Who gets Diffuse Type Tenosynovial Giant Cell Tumor? (Age and Sex Distribution)

  • Diffuse Type of Tenosynovial Giant Cell Tumor usually affects young adults and children; diffuse type tumors are seen at a younger age than local type tumors
  • The tumors are predominantly seen in individuals below the age of 40 years
  • Children below 10 years and elderly individuals above 60 years are hardly affected
  • There is a slight female predominance
  • No ethnic or racial preference is seen

What are the Risk Factors for Diffuse Type Tenosynovial Giant Cell Tumor? (Predisposing Factors)

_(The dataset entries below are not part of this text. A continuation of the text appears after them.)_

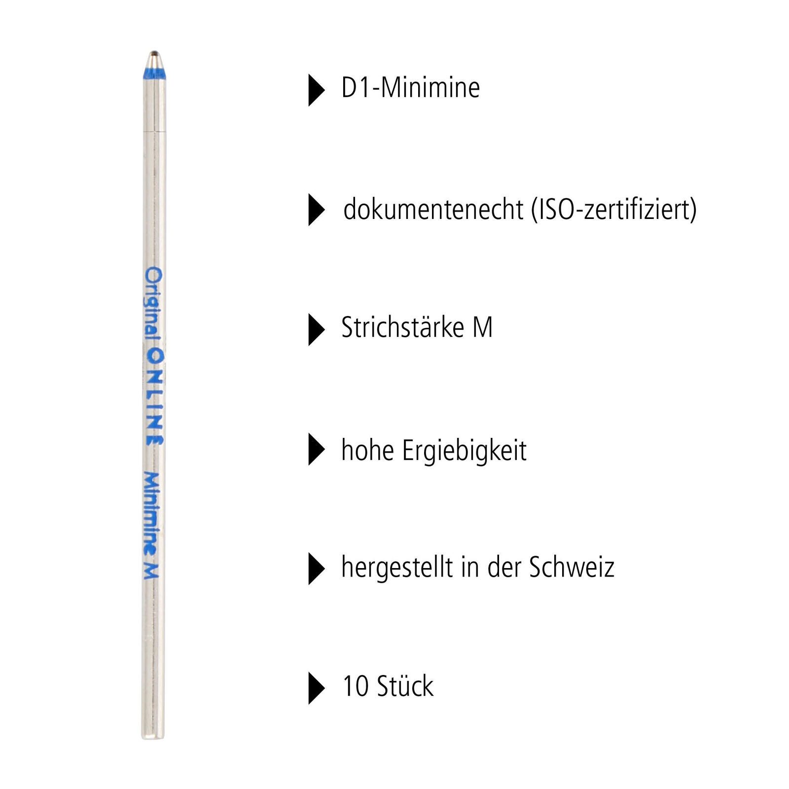 Die ONLINE® Kugelschreiberminen D1 in der Schreibfarbe Blau bieten eine zuverlässige und qualitativ hochwertige Lösung für alle, die Wert auf präzises und angenehmes Schreiben legen. Diese Minen sind gemäß der ISO-Norm 12757-2 DOC klassifiziert und garantieren eine gleichmäßige Tinte, die für ein flüssiges Schreiberlebnis sorgt. Mit der Strichstärke M (mittel) eignen sich die Minen sowohl für feine Notizen als auch für kräftige Schriftzüge, was sie zu einem vielseitigen Begleiter im Alltag macht.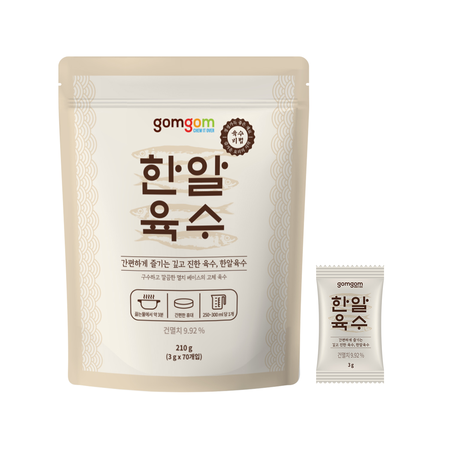 브랜드퍼블리싱 2024 I 곰곰 한알육수 3g x 70정 타정형태제품 간편하게 한 알, 끓는 물에 3분! 진하게 우러나는 국내산 멸치의 깊고 시원한 풍미! 곰곰 한알육수로 완성하는 간편하고 맛있는 요리! Work Flow : 기획, R&D, 원료수급, 패키지디자인검수, 제조관리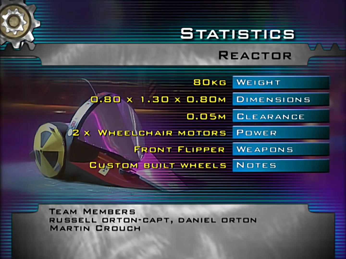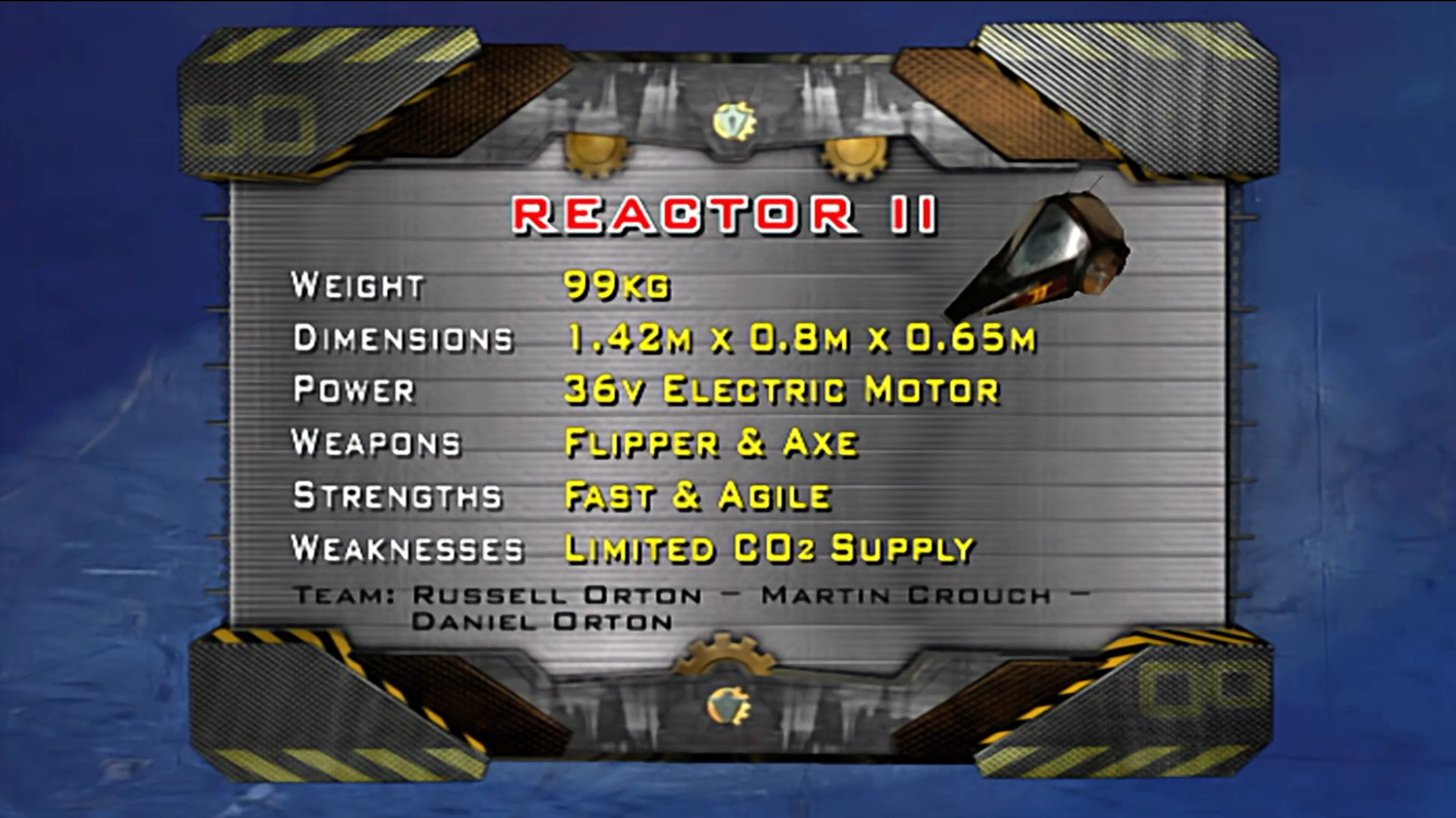 Reactor was entered into Robot Wars by a team from Birstall in Leicestershire, known simply as Team Reactor. The team was captained by joiner-by-trade Russell Orton, and he was joined by his son Daniel who made the first prototype of the machine out of a toy construction kit. Martin Crouch also completed the team to assist with engineering, and was the weapons operator. The team also competed in Series 7 with Rhino.

Currently, no clear risk factors have been established. Nevertheless, the following are thought to be associated with Diffuse Type Tenosynovial Giant Cell Tumor in some manner:

  • Degenerative disorders of the joints; particularly affecting the fingers
  • Rheumatoid arthritis
  • History of trauma is believed to be a risk factor according to various reports: In some studies, trauma was seen in as few as 5% of the cases; while in other studies, trauma was associated with the condition in up to 50% of the cases

It is important to note that having a risk factor does not mean that one will get the condition. A risk factor increases one’s chances of getting a condition compared to an individual without the risk factors. Some risk factors are more important than others.

Also, not having a risk factor does not mean that an individual will not get the condition. It is always important to discuss the effect of risk factors with your healthcare provider.

What are the Causes of Diffuse Type Tenosynovial Giant Cell Tumor? (Etiology)

The cause of formation of Diffuse Type Tenosynovial Giant Cell Tumor is due to genetic mutations or genetic abnormalities.

  • Chromosomal translocation involving chromosome 1 and the CSF1 gene, is observed in many cases
  • This translocation is also known to involve the COL6A3 gene on chromosome 2
  • Many tumors show a fusion of an unidentified gene with CSF1 gene
  • X-chromosome inactivation is noted

Factors related to formation of Diffuse Type of TSGCT:

  • Initially, from animal model studies, researchers believed that past trauma played a contributory role and that Diffuse TSGCT occurred secondary to trauma, as an inflammatory reactive process
  • Now, researchers believe that the cause is a neoplastic (abnormal tissue growth) process, seen because of chromosomal alterations and changes in the number of cell chromosomes (aneuploidy), in some cases; the tumors are known to grow sporadically and independently

Some of the other theories proposed to explain Diffuse Type Tenosynovial Giant Cell Tumor development relate to:

  • Metabolic defects
  • Infections
  • Abnormal body immunity
  • Blood vessel anomalies

Both, diffuse type and localized type, have the same origin and cause mechanism, but different behavior and presentation.

What are the Signs and Symptoms of Diffuse Type Tenosynovial Giant Cell Tumor?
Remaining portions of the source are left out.